Once upon a time a scorpion wanted to cross a brook.
On the bank he saw a frog and asked if the frog would give him a ride to the other side.
“Oh no,” said the frog, “If I carry you on my back you will sting me.”
“But why would I sting you when we would both surely perish,” replied the scorpion.
The frog eventually conceded that the scorpion had a point, and agreed to the request.
Half way across, the scorpion stung the frog, and they both began to drown.
“But why did you break your word and sting me, knowing it would be certain death for us both?” cried the frog. “Because it is in my nature,” said the scorpion.
I’m not sure if it is a peculiarly Kenyan characteristic, but we are obsessed, nay, possessed with property ownership.
For many of us, owning the ubiquitous plot, house or apartment is commensurate with success, achievement and self-actualisation.
But how often do we take a step back and ask ourselves if these investments would be better off liquidated and the funds placed with the Central Bank of Kenya in Government Securities?
Why you ask?
The Government as a borrower is perceived in financial circles as the safest debtor to have.
Serikali always pays. As a result, the interest paid on government debt paper is viewed as the risk free rate of return since the government as a borrower is deemed to be a guaranteed payer of its debts.
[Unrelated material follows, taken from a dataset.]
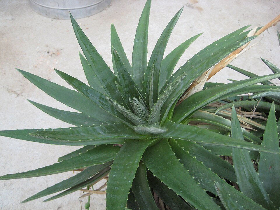 密集的蓮座狀線形多肉葉片。厚實、多汁的葉片狹窄且線形。葉緣布滿尖刺,常有黑色尖端。葉片背面有銀色條紋圖案。此種植物產生穗狀花序,由黃色至黃橙色、管狀花朵組成(1.3 公分長)。

Consequently, if you ever enter into a heated debate with your banker about the interest rate they are charging you on your business loan, they will typically look you dead in the eye and start by saying: “Well, let’s unpack your interest rate of 18 per cent. Seven per cent is the interest rate for the five year Treasury bond which is the risk free rate and our opportunity cost. Add to that five per cent which is the credit risk of lending to you, three per cent operational risk for the bank and a small, negligible, tiny, inconsequential three per cent profit margin and you arrive at your 18 per cent per annum rate.”
If you are thinking of borrowing, or perhaps have actually borrowed, to purchase a property as an investment, perhaps this would be a good time to see if your investment is yielding you a proper return or whether you are better off placing your money in Treasury paper.
Take, for example, purchasing a maisonette whose purchase price is Sh10 million.
You put Sh4 million of your own towards the purchase price and borrow Sh6 million from your bank.
You proceed to rent out the premises for say, Sh60,000 a month to get a total income of Sh720,000 per annum.
You pay Sh50,000 per month in your mortgage (or Sh600,000 per annum), Sh10,000 in land rates, and Sh10,000 in small repairs during the course of the year thereby paying Sh620,000 in expenses during the year.
What would your return be?
You would calculate your Net Profit/Equity Investment.
Your net profit would be Sh100,000 and you would divide this by your equity investment of Sh4 million to arrive at a return of 2.5 per cent.
Considering that you have taken your mortgage for say 20 years, if you compare this with the yield curve on Treasury Bonds, you would see that 20 year bond is yielding close to 10.5% today thus if you invested the same Sh4 million in government paper you would be earning about four times more in a far less stressful investment.
Meanwhile, your property appreciates the following year and now has a market price of Sh12 million.
You have also received a good bonus at work and used it to pay down the mortgage in the year, reducing the principal amount from Sh6million to Sh5million.
Your equity investment has therefore increased from Sh4 million to Sh7 million. How?
The increase in property value of Sh2 million essentially goes towards your equity in the property as does the reduction in mortgage of Sh1 million.
Your rental yields, however, remain the same as the market is awash with rental properties.
Does your return increase? By doing the same calculation of Net Profit/Equity Investment you will find that your return has actually dropped to 1.43 per cent.
You will have to raise your rent in order for you to get a better return, which is a very unlikely scenario where there are plenty of rental properties competing for the same clientele.
It is at this point that I expect those of you doing feverish calculations on your own investments to argue that actually, you bought the property for capital growth prospects and not for the rental yields.
Using the same example then, the property whose market price has moved from Sh10 million to Sh12 million has appreciated by 20 per cent in one year.
If you decide to sell the property there and then, assuming that there are no costs to the sale such as legal costs etc for purposes of this example, then you will have made a return of Sh2 million on your total investment of Sh5 million (remember your bonus payment into your mortgage counts towards your equity) or a 40 per cent return using the bank’s money.
However, let us call a spade a spade: just like it is in the scorpion’s nature to always sting, it is the typical amateur property investor’s nature NOT to realise the gain on the investment and to sit tight awaiting an even higher property price.
Strangely, even doing the above math does not dissolve our emotional attachment to property investing.
Only a property market crash will crystallise the sting of missing past opportunities to realise investment gains.